Another couple days & on to The Old Ground Hotel in Ennis, County Clare (also home to the city of Limerick). I really liked Ennis: quite a lovely village with well-incorporated 17th-century buildings and a long walkway along the river where I indulged in my favorite pastime: feeding the birds (illegal activity in SF!) The pigeons & ducks & geese were at a disadvantage, being limited to one media (air & water) where the terns, masters of both, did quite well. Surprisingly, a raven showed up every day but was too shy to get much that I offered (I finally found a use for all the damn toast inevitably served at breakfast.) The geography north of Ennis is much starker than what we'd seen previously, including a barren rocky area called the Burren. The dominant limestone is called Doolin, and is characterized by dense thickets of worm-hole casts! It's used in construction everywhere, quite dramatically in the visitors' areas at the Cliffs of Mohr. The cliffs themselves are on a grand scale; 700 feet rising right up out of the stormy crashing Atlantic.

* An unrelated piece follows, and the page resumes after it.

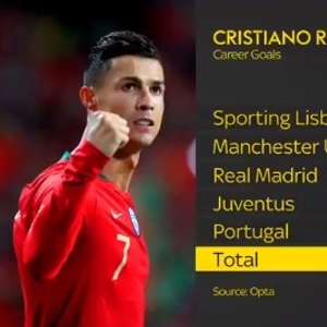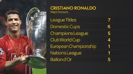 C罗正式回归曼联。英国《天空体育》回顾了C罗到目前为止,职业生涯的主要数据与主要荣誉。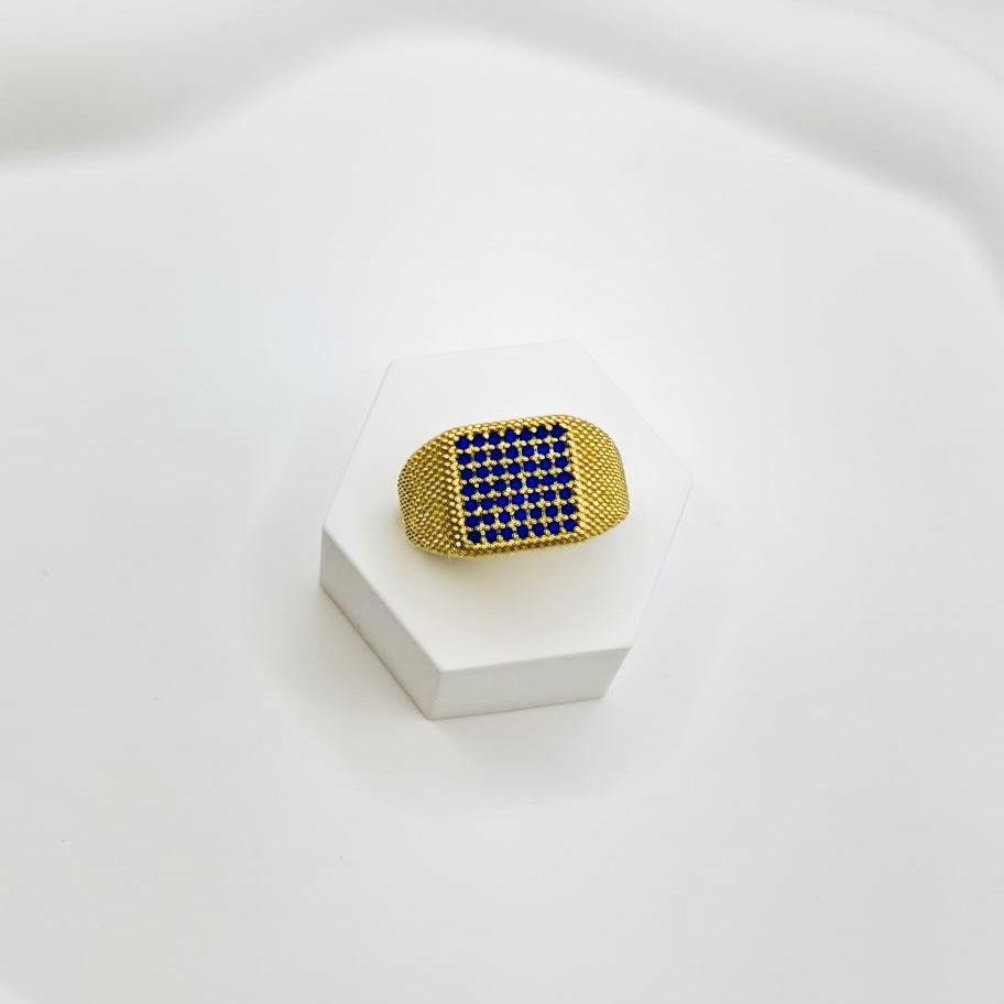 bold gold ring paved with deep blue stones in a striking grid pattern

You'll note that we spent over a week in just 3 counties: Cork, Kerry, & Clare, a geographic region of about 200 x 200 miles. That tells you something about the beauty of the region, yes, but it also tells you something about Irish roads. Or, I should say, "roads". To their credit, the Irish are trying to do something about it, but all it really seemed to amount to was road construction & traffic slow-downs everywhere we went. We ultimately came up with this understanding of Irish maps: a dirt road makes it onto the map; if there's asphalt, it's marked a secondary road, if there's lines on the asphalt, it's shown as a highway.

Other observations:

  • The days are extraordinarily short; light at about 7:30 am & dark by 4:30 pm. I guess we're substantially further north than SF.
  • In the hardware stores, they sell moss killer right next to the Round-up. Moss grows everywhere -- roofs, gutters, all sides of a tree (not just the north), on top of signs, you name it.
  • The Irish burn a lot of fires; even in the hotels, every lobby had a fire going. They seem to use exclusively coal & peat, neither of which I'd ever seen before. The peat is cool -- very light weight, but solid; it looks like a handmade brick of dirt. Coal, unfortunately, smells like trash burning with a hint of fresh asphalt - ugh.
  • I must get Mom a recipe for brown soda bread; it's served at every meal and is delicious. Peculiarly, it is never toasted. It's served as part of the traditional artery-clogging Irish breakfast of fried eggs, fried bacon (our ham), fried sausage, fried meat puddings, fried tomatoes, fried mushrooms and buttered white & wheat toast, but the brown bread is never toasted. I bet it's awesome toasted.
  • We saw very few dogs, and those we did seemed to roam free even in the cities, which was quite unnerving.
  • With prosperity comes construction, and there are buildings going up everywhere. Sadly, they seem to be quite fond of plunking down developments of ugly, boxy homes -- identical right down to the paint -- in the middle of a serene spread of fields. The result is that there are these expensive (but ugly) looking homes right next to a herd of cows. None of the homes are clapboard; they seem to be stucco in either beige or soft yellow. I don't know if they're built of stone or concrete or what.
  • Irish drivers are very courteous, unhurried drivers, forgiving to a fault, and quite a pleasure to share the road with. Except for tailgaters. They'll stop traffic in 2 directions in order to let some poor slob complete an 18-point parallel parking job, but god forbid you're doing the speed limit on a 2-lane road with limited visibility. Gotta pass gotta pass gotta pass!